I think you should start 5 more threads about the same crap.









I dont trust anybody who puts out millions to get a job that pays pocket change compared to that.


----------



## Jebus (Feb 29, 2004)

If you live in canada DON'T vote conservative.


----------



## DrewBoOty (Nov 23, 2002)

Jebus said:


> If you live in canada DON'T vote conservative.


yeah because this thread has everything to do with canada.... .


----------



## airtorey15 (Jun 15, 2003)

I can't vote!


----------



## thePACK (Jan 3, 2003)

yes and i believe everything on the net as well...lol..

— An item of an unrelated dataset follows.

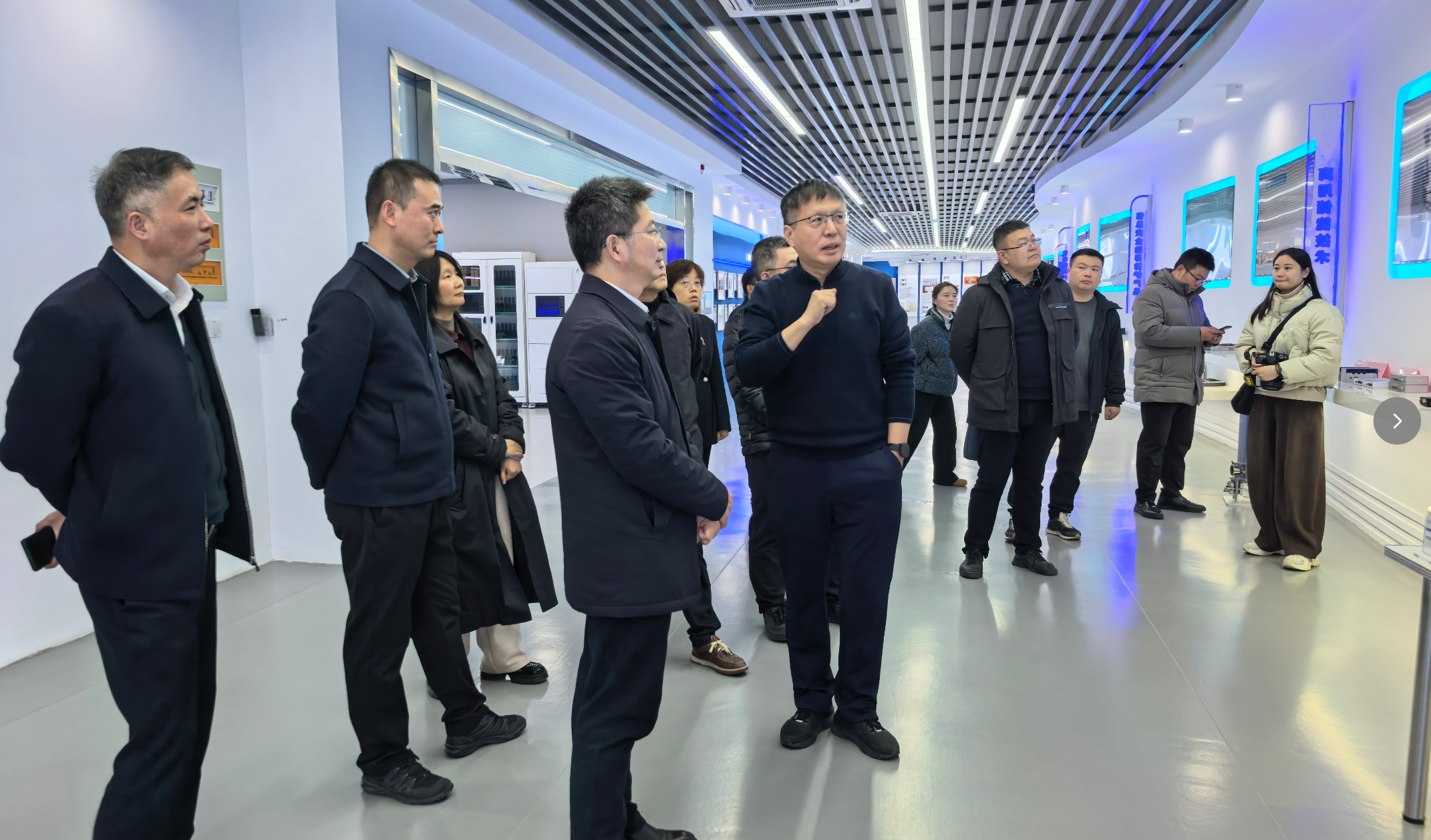 考察伊始,在董事长高南的带领下,朱松青副校长一行首先参观了澳门银河网上赌场展厅。展厅内,高南董事长详细介绍了公司的发展历程、核心技术优势、新能源领域战略布局及相关产品应用成果,重点展示了公司在虚拟电厂、储能技术等前沿领域的研发进展与实践案例,让考察团一行对澳门银河网上赌场的创新实力与产业影响有了全面深入的了解。

i'm still waiting for GAP to send me a check for every person i send a email too....f*ck chain letter


----------



## scrubbs (Aug 9, 2003)

Jebus said:


> If you live in canada DON'T vote conservative.

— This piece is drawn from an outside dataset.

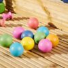The set includes 14 wooden balls in 7 different rainbow colors (2 of each color) with a diameter of 5 cm

interestingly enough, Canada's tax freedom day was on election day june 28. A lot later than our friends south of the border.

Also, don't forget that kerry has a extremely rich wife, who is heir to the heinz money. Some of those places could have been her's before.

The original poster also provided no data for the post either.


----------



## scrubbs (Aug 9, 2003)

type in tax freedom day into google, the first page that comes up shows a fault in the email. This is the earliest tax freedom day in 37 years, not since '91. Still shows something though.


----------



## thePACK (Jan 3, 2003)

> Another interesting fact: Both George Bush and John Kerry are wealthy men.


i laugh at this statement...wtf...name a politician that lives in the ghetto,name a politician that lived off food stamp or welfare..none..all rich fucks that don't give a sh*t about us..beside whats or who putting greens in there pockets...wow,who ever wrote this sh*t is a real genius..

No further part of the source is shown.